LWS currently provides no in-band, machine-actionable mechanism for a client to declare — or for a server to record and enforce — what *kind* of information set a resource's abstract state constitutes. This gap is tolerable in pre-configured, domain-specific servers where the information model is fixed by deployment. It becomes acutely paralyzing in general LWS storage servers, where the information model of each resource is a first-class concern that varies per resource and cannot be assumed in advance.

This issue proposes that LWS define a mechanism to associate an explicit **Abstract State Infoset Type (AIST)** with a resource — both at rest (governing persistence, metadata, constraints, and operation semantics) and in transit (governing representation interpretation during HTTP interactions).

---

## Background: the REST assumption that breaks for general storage

The REST architectural style defines a resource as any identifiable thing, and a representation as bytes + a media type encoding the resource's current state for transfer.

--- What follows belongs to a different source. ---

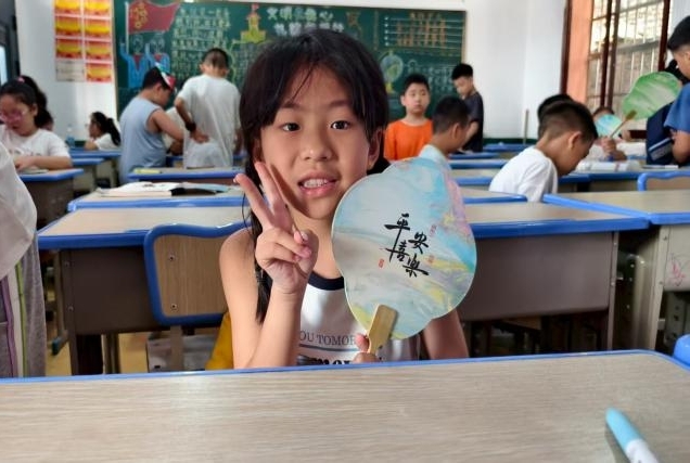 孩子們化身小小漆扇匠,驚奇地看著自己調(diào)配的色彩圖案被“拓”上扇面,個個面露喜色。結(jié)營儀式上,孩子們齊唱國歌與《歌唱祖國》并驕傲地展示自己親手完成的漆扇作品,整個過程令人動容。這抹色彩,與華為Logo上的中國紅,有著同樣的溫度——都是從堅守中生長出的希望。程遠昭老師當(dāng)年或許從未想到,她播撒下的教育種子,半個世紀后正通過外國語學(xué)院支教團的接力,在黔地開出更絢爛的花。

REST components are expected to glean the resource's abstract state from the media type's semantics alone.

This assumption holds when a media type uniquely determines a single information model — `image/png` unambiguously identifies a raster bitmap; `text/html` a document tree. It breaks down for media types capable of encoding structurally *incompatible* information models under the same type identifier.

**`application/ld+json` is the canonical example.** A conforming processor may legitimately treat the same document as:

- A plain JSON object tree
- An RDF dataset, by expanding the document to a set of triples
- A file with media-type `application/ld+json`

These are not alternative serializations of one model. A JSON tree is positional and closed-world; an RDF dataset is graph-oriented and open-world. They require different persistence backends, support different constraint languages, admit different patch mechanisms, and expose different query interfaces.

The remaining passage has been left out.